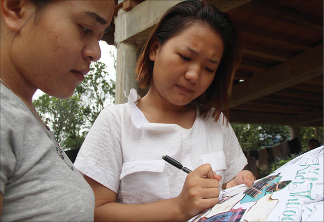 Vừa lách đường sợi để tạo hình họa tiết cặp đôi trái tim được một bạn trẻ thiết kế, nghệ nhân A Viết Thị Nhi vừa thừa nhận: “Lâu nay, quen thao tác họa tiết truyền thống rồi, giờ các bạn cho các mẫu mới nên thực hiện hơi chậm, nhưng làm ra thấy rất đẹp”.
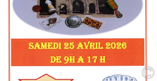 Vous trouverez : Timbres, cartes postales, muselets de champagne, pin's, jouets anciens, télécartes, insignes, BD, fèves, vieux papiers, livres anciens, monnaies et billets, trains et voitures miniatures, minéraux... et bien d'autres choses !
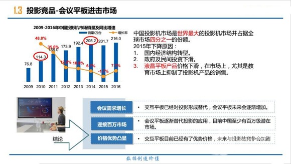 (3)投影儀地位下降,會(huì)議平板逐漸替代投影的應(yīng)用,并呈現(xiàn)高速成長(zhǎng)的趨勢(shì),據(jù)估算,目前中國(guó)至少有百萬級(jí)潛在市場(chǎng)。
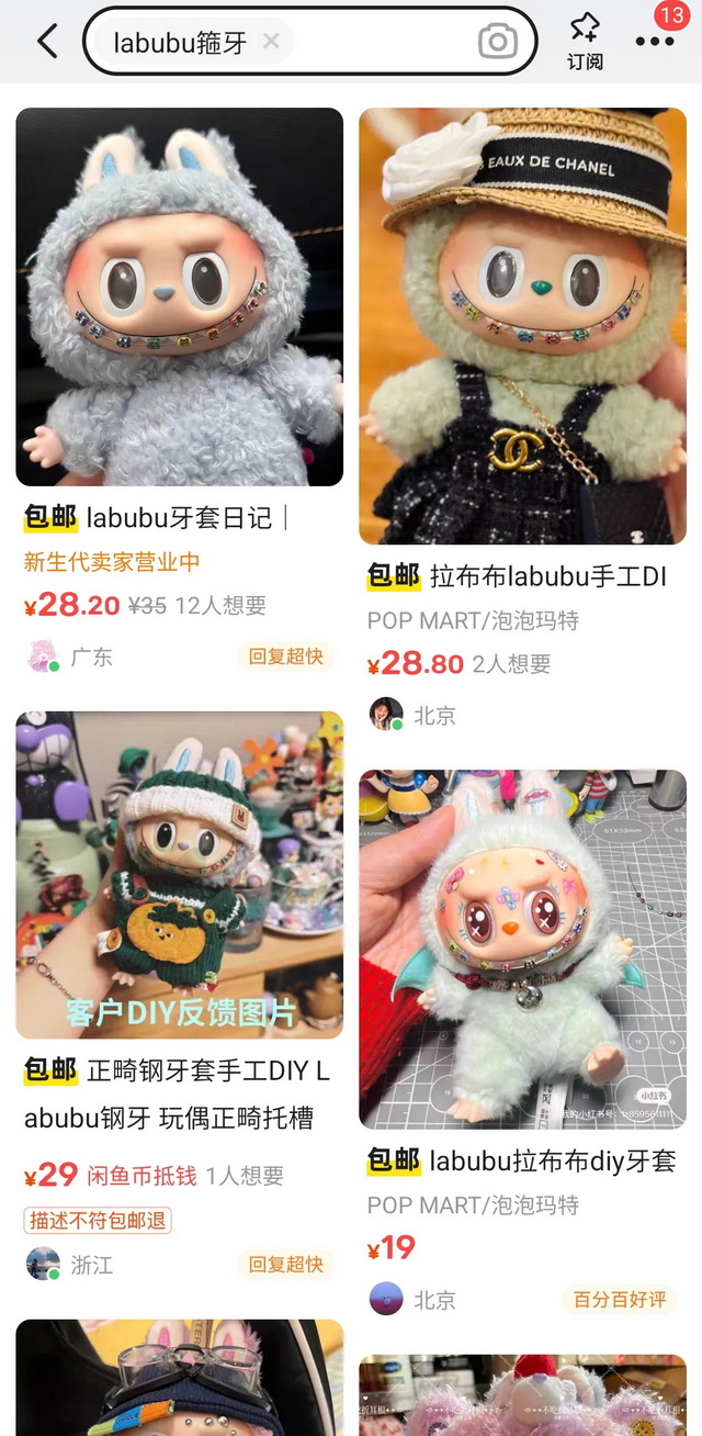 这些用户开始“大闹闲鱼”。给labubu纹身、箍牙、鉴定、整形;代扔垃圾、代套床上四件套、甚至代吃酒席,提供各种“只有想不到没有做不到”的“代服务”;还有人当起了“情感导师”,专门接单骂醒“恋爱脑”。
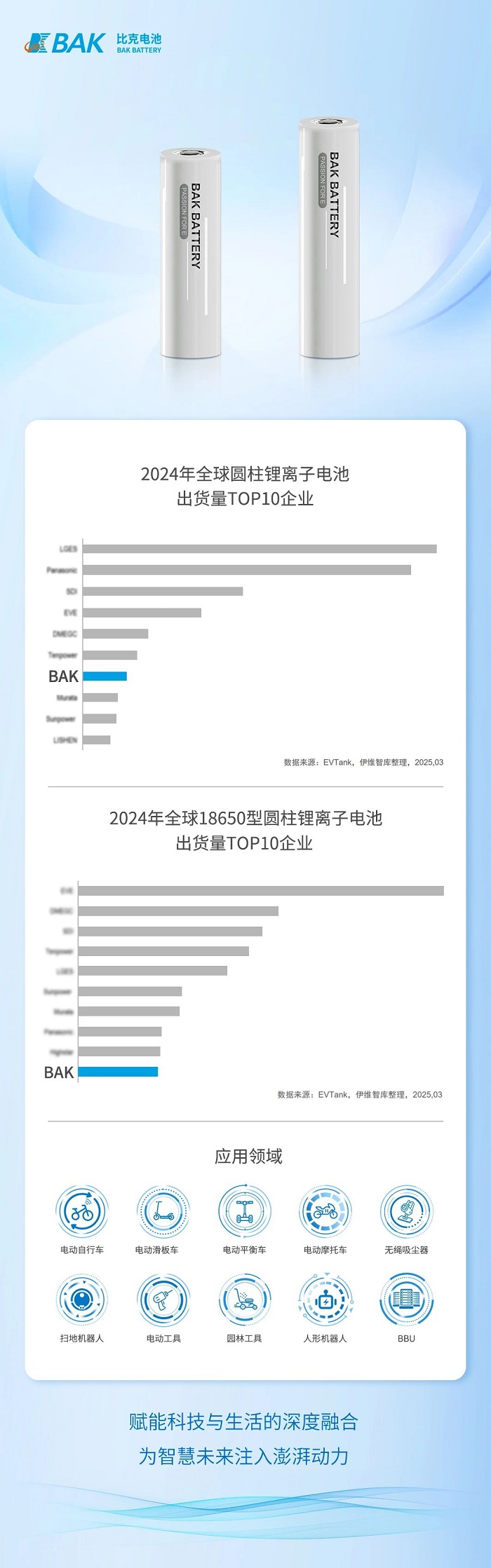 近日,研究机构EVTank联合伊维经济研究院共同发布了《中国圆柱电池行业发展白皮书(2025年)》。白皮书同步披露了2024年全球圆柱形锂离子电池出货量TOP10企业名单及2024年全球18650型号的圆柱锂离子电池出货量TOP10企业名单,比克电池进入两项名单。
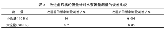 采用測頻計數(shù)——測周計脈沖法與目前測頻計數(shù)法相比,前者遠(yuǎn)遠(yuǎn)小于后者的測量誤差,采用這種方法不僅測量精度有保證,且可靠易于實現(xiàn),可從根本上解決渦輪流量計對水泵流量的測量精度及減小誤差問題。表2是改進(jìn)前后的測量誤差實測對比。
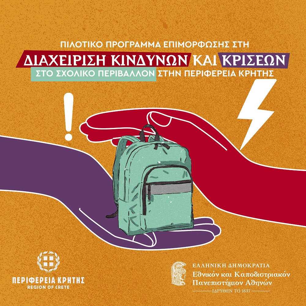 Με ιδιαίτερη επιτυχία ολοκληρώθηκε το «Πιλοτικό Πρόγραμμα Επιμόρφωσης στη Διαχείριση Κινδύνων και Κρίσεων στο Σχολικό Περιβάλλον στην Περιφέρεια Κρήτης», μία πρωτοποριακή δράση της Περιφέρειας Κρήτης που υλοποιείται σε συνεργασία με το Εθνικό και Καποδιστριακό Πανεπιστήμιο Αθηνών. Στο πρόγραμμα συμμετείχαν πιλοτικά 40 σχολικές μονάδες από όλη την Κρήτη, με στόχο την εκπαίδευση εκπαιδευτικών στη διαχείριση φυσικών, τεχνολογικών και ανθρωπογενών κινδύνων και κρίσεων στο σχολικό περιβάλλον, εξετάζοντας τόσο τα φαινόμενα και τις επιπτώσεις τους, όσο και το σχετικό θεσμικό πλαίσιο και την ψυχοκοινωνική διαχείρισή τους.
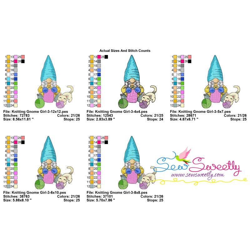 This Embroidery Design Set Includes 10 beautiful Knitting Gnomes Embroidery Designs.
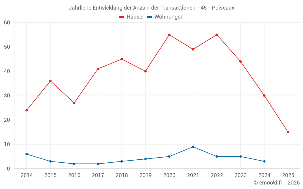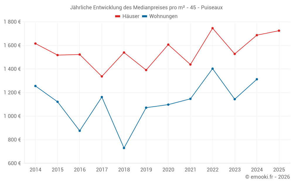 Der Durchschnittspreis auf den 36 Hausgeschäften der letzten 12 Monate in der Gemeinde Puiseaux betrug 1 687 € pro Quadratmeter für einen mittleren Immobilienwert von 137 500 €. Über diesen Zeitraum hinweg lagen 60% der Transaktionen zwischen 1 051 und 2 149 € pro Quadratmeter (vom 2. bis zum 8. Dezil).
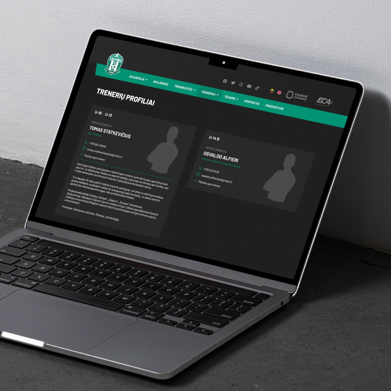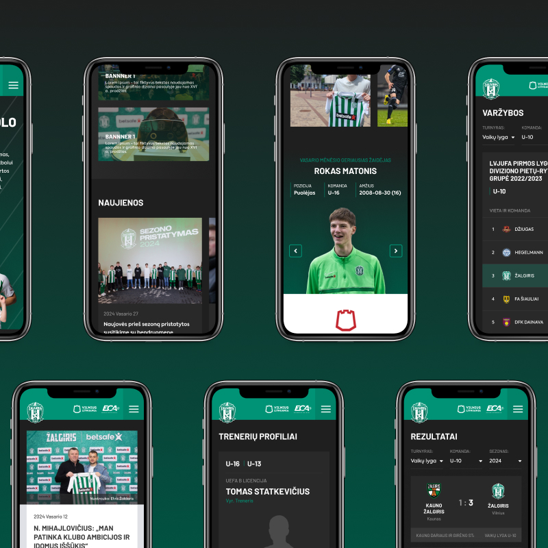 The design was adapted to FK Žalgiris’ visual identity, maintaining the academy’s professionalism and strong connection with the club. We implemented the development, API integration, and interactive elements so users could easily access news, registration forms, and training schedules.
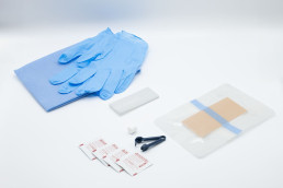 - 1 Paar Handschuhe, latex- und puderfreiBlaues Abdecktuch (innenliegend folgende Artikel)
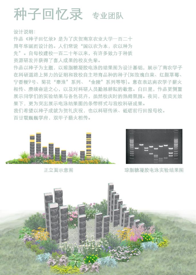 专业团队组的作品《种子回忆录》,以种子为主题,以琼脂糖凝胶电泳的结果图为设计基础,展示了南农学子在科研道路上努力的证明和六合彩网自主培育品种的种子。意在表达南农学子薪火相传、赓续奋进之心,以及对科研人员勤恳耕耘的敬意。
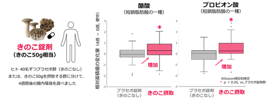 試験概要:本試験は、株式会社メタジェンとホクト株式会社の共同研究として実施しました。参加者80名を、きのこを含まないプラセボ錠剤を摂取する群と、マイタケ・ブナシメジ・エリンギから作製したきのこ錠剤を摂取する群に分け、4週間の摂取試験を行いました。その結果、4週間後にはプラセボ群に比べ、マイタケを含むきのこ錠剤群で、便中の短鎖脂肪酸の一種である酪酸およびプロピオン酸の有意な増加が認められました。

========================================================================

THE PROBLEM ::
Exact duplicates of all the entries are required, and no image may appear in them.

ANSWER TO THIS PROBLEM ::
 Vừa lách đường sợi để tạo hình họa tiết cặp đôi trái tim được một bạn trẻ thiết kế, nghệ nhân A Viết Thị Nhi vừa thừa nhận: “Lâu nay, quen thao tác họa tiết truyền thống rồi, giờ các bạn cho các mẫu mới nên thực hiện hơi chậm, nhưng làm ra thấy rất đẹp”.
 Vous trouverez : Timbres, cartes postales, muselets de champagne, pin's, jouets anciens, télécartes, insignes, BD, fèves, vieux papiers, livres anciens, monnaies et billets, trains et voitures miniatures, minéraux... et bien d'autres choses !
 (3)投影儀地位下降,會(huì)議平板逐漸替代投影的應(yīng)用,并呈現(xiàn)高速成長(zhǎng)的趨勢(shì),據(jù)估算,目前中國(guó)至少有百萬級(jí)潛在市場(chǎng)。
 这些用户开始“大闹闲鱼”。给labubu纹身、箍牙、鉴定、整形;代扔垃圾、代套床上四件套、甚至代吃酒席,提供各种“只有想不到没有做不到”的“代服务”;还有人当起了“情感导师”,专门接单骂醒“恋爱脑”。
 近日,研究机构EVTank联合伊维经济研究院共同发布了《中国圆柱电池行业发展白皮书(2025年)》。白皮书同步披露了2024年全球圆柱形锂离子电池出货量TOP10企业名单及2024年全球18650型号的圆柱锂离子电池出货量TOP10企业名单,比克电池进入两项名单。
 采用測頻計數(shù)——測周計脈沖法與目前測頻計數(shù)法相比,前者遠(yuǎn)遠(yuǎn)小于后者的測量誤差,采用這種方法不僅測量精度有保證,且可靠易于實現(xiàn),可從根本上解決渦輪流量計對水泵流量的測量精度及減小誤差問題。表2是改進(jìn)前后的測量誤差實測對比。
 Με ιδιαίτερη επιτυχία ολοκληρώθηκε το «Πιλοτικό Πρόγραμμα Επιμόρφωσης στη Διαχείριση Κινδύνων και Κρίσεων στο Σχολικό Περιβάλλον στην Περιφέρεια Κρήτης», μία πρωτοποριακή δράση της Περιφέρειας Κρήτης που υλοποιείται σε συνεργασία με το Εθνικό και Καποδιστριακό Πανεπιστήμιο Αθηνών. Στο πρόγραμμα συμμετείχαν πιλοτικά 40 σχολικές μονάδες από όλη την Κρήτη, με στόχο την εκπαίδευση εκπαιδευτικών στη διαχείριση φυσικών, τεχνολογικών και ανθρωπογενών κινδύνων και κρίσεων στο σχολικό περιβάλλον, εξετάζοντας τόσο τα φαινόμενα και τις επιπτώσεις τους, όσο και το σχετικό θεσμικό πλαίσιο και την ψυχοκοινωνική διαχείρισή τους.
 This Embroidery Design Set Includes 10 beautiful Knitting Gnomes Embroidery Designs.
 Der Durchschnittspreis auf den 36 Hausgeschäften der letzten 12 Monate in der Gemeinde Puiseaux betrug 1 687 € pro Quadratmeter für einen mittleren Immobilienwert von 137 500 €. Über diesen Zeitraum hinweg lagen 60% der Transaktionen zwischen 1 051 und 2 149 € pro Quadratmeter (vom 2. bis zum 8. Dezil).
 The design was adapted to FK Žalgiris’ visual identity, maintaining the academy’s professionalism and strong connection with the club. We implemented the development, API integration, and interactive elements so users could easily access news, registration forms, and training schedules.
 - 1 Paar Handschuhe, latex- und puderfreiBlaues Abdecktuch (innenliegend folgende Artikel)
 专业团队组的作品《种子回忆录》,以种子为主题,以琼脂糖凝胶电泳的结果图为设计基础,展示了南农学子在科研道路上努力的证明和六合彩网自主培育品种的种子。意在表达南农学子薪火相传、赓续奋进之心,以及对科研人员勤恳耕耘的敬意。
 試験概要:本試験は、株式会社メタジェンとホクト株式会社の共同研究として実施しました。参加者80名を、きのこを含まないプラセボ錠剤を摂取する群と、マイタケ・ブナシメジ・エリンギから作製したきのこ錠剤を摂取する群に分け、4週間の摂取試験を行いました。その結果、4週間後にはプラセボ群に比べ、マイタケを含むきのこ錠剤群で、便中の短鎖脂肪酸の一種である酪酸およびプロピオン酸の有意な増加が認められました。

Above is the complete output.